● **INFORMATION**:
+++

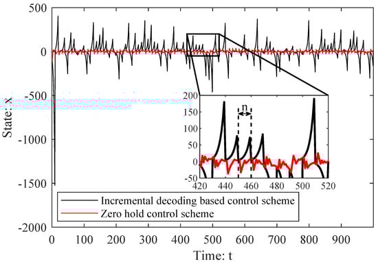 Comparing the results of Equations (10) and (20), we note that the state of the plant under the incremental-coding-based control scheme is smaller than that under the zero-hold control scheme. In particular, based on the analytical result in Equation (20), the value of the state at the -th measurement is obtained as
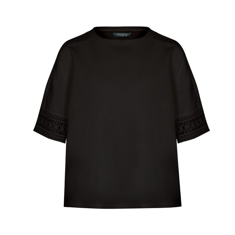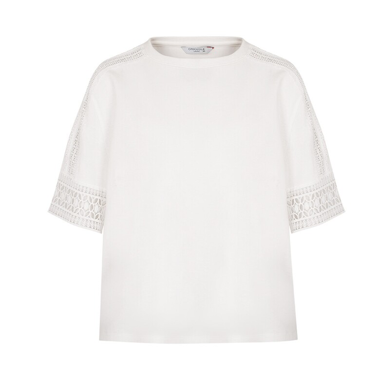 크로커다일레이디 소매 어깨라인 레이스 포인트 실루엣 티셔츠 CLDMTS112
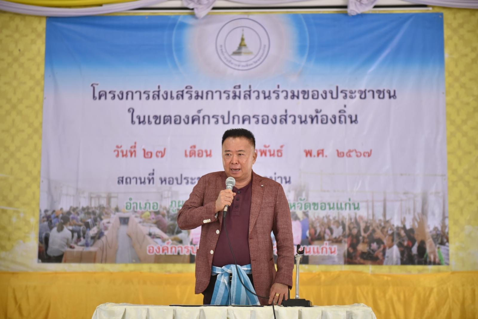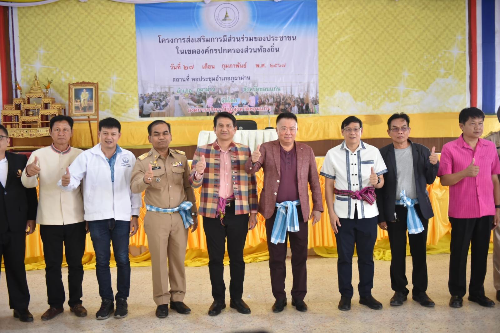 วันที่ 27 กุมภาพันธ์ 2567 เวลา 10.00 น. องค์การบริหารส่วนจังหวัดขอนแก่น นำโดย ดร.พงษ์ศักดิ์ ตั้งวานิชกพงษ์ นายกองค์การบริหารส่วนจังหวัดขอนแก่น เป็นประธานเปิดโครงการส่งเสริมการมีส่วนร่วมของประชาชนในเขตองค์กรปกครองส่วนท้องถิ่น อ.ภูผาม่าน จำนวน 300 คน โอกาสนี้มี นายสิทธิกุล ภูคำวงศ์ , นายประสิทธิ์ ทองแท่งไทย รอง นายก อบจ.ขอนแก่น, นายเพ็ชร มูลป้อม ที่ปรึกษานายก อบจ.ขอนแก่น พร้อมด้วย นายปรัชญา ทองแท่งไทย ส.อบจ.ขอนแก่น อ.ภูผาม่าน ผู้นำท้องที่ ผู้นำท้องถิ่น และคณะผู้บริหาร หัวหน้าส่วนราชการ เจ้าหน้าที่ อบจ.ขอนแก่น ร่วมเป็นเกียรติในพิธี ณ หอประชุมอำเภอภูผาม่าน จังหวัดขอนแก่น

+++

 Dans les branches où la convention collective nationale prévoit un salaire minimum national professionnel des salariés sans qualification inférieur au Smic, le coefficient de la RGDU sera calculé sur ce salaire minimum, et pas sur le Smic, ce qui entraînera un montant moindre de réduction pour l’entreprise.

+++

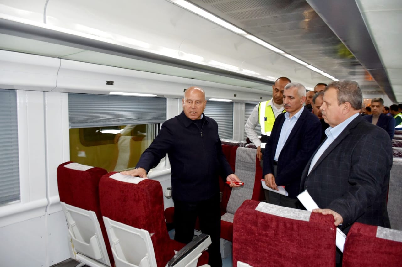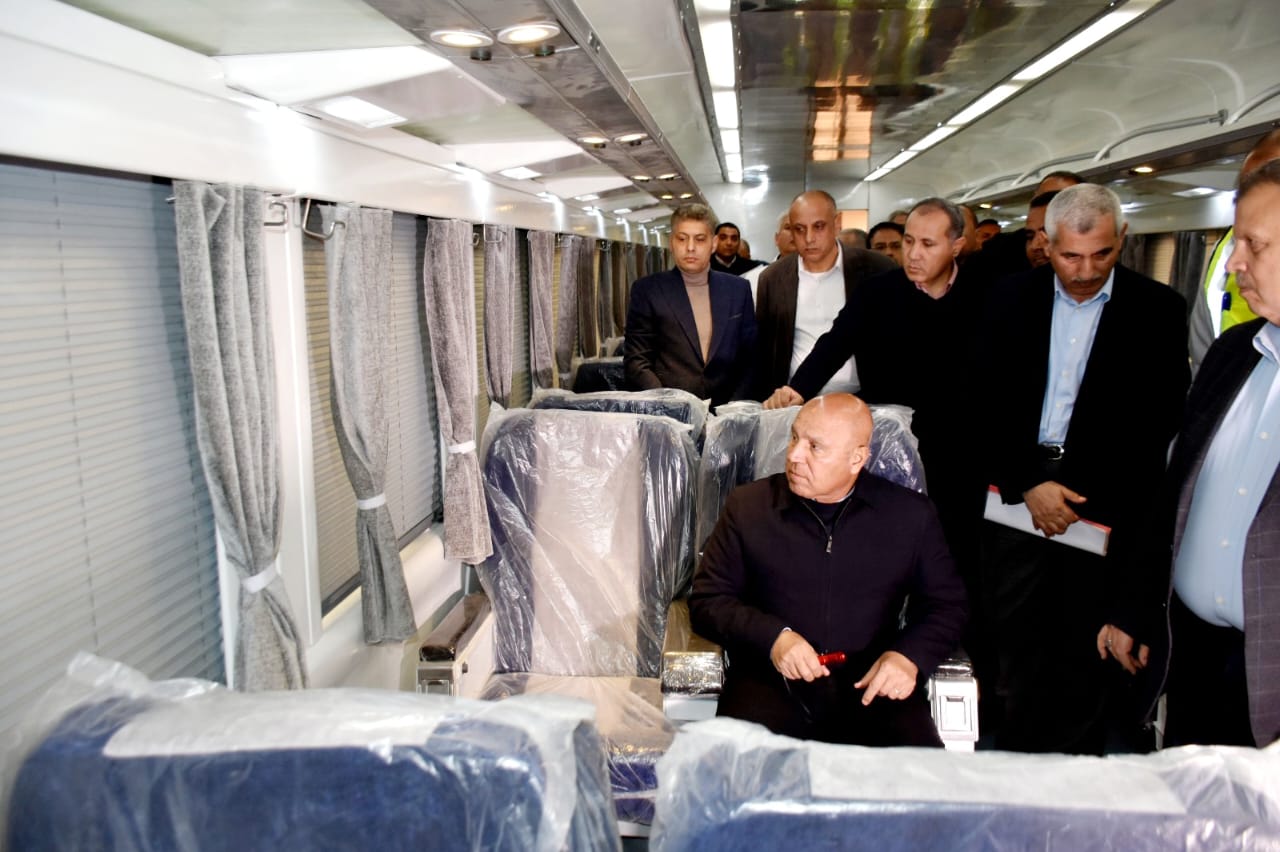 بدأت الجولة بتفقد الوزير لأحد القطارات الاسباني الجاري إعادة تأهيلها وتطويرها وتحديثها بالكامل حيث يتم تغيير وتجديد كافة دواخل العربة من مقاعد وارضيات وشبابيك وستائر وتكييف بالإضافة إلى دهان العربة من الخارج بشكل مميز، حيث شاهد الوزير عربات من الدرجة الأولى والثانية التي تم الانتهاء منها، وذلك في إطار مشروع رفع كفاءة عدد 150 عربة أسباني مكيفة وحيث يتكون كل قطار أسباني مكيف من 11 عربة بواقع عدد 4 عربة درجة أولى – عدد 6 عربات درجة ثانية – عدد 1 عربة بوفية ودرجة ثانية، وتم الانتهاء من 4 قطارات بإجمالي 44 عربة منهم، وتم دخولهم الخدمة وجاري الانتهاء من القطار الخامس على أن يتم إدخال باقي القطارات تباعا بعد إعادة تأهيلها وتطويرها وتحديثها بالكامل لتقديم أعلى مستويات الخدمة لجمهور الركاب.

+++

● **WHAT THE TASK ASKS**: Copy only what runs above from the line containing "Comparing the results" through the line containing "크로커다일레이디 소매 어깨라인 레이스 포인트 실루엣 티셔츠 CLDMTS112", exactly. Leave out the pictures.

● **REPLY**:
 Comparing the results of Equations (10) and (20), we note that the state of the plant under the incremental-coding-based control scheme is smaller than that under the zero-hold control scheme. In particular, based on the analytical result in Equation (20), the value of the state at the -th measurement is obtained as
 크로커다일레이디 소매 어깨라인 레이스 포인트 실루엣 티셔츠 CLDMTS112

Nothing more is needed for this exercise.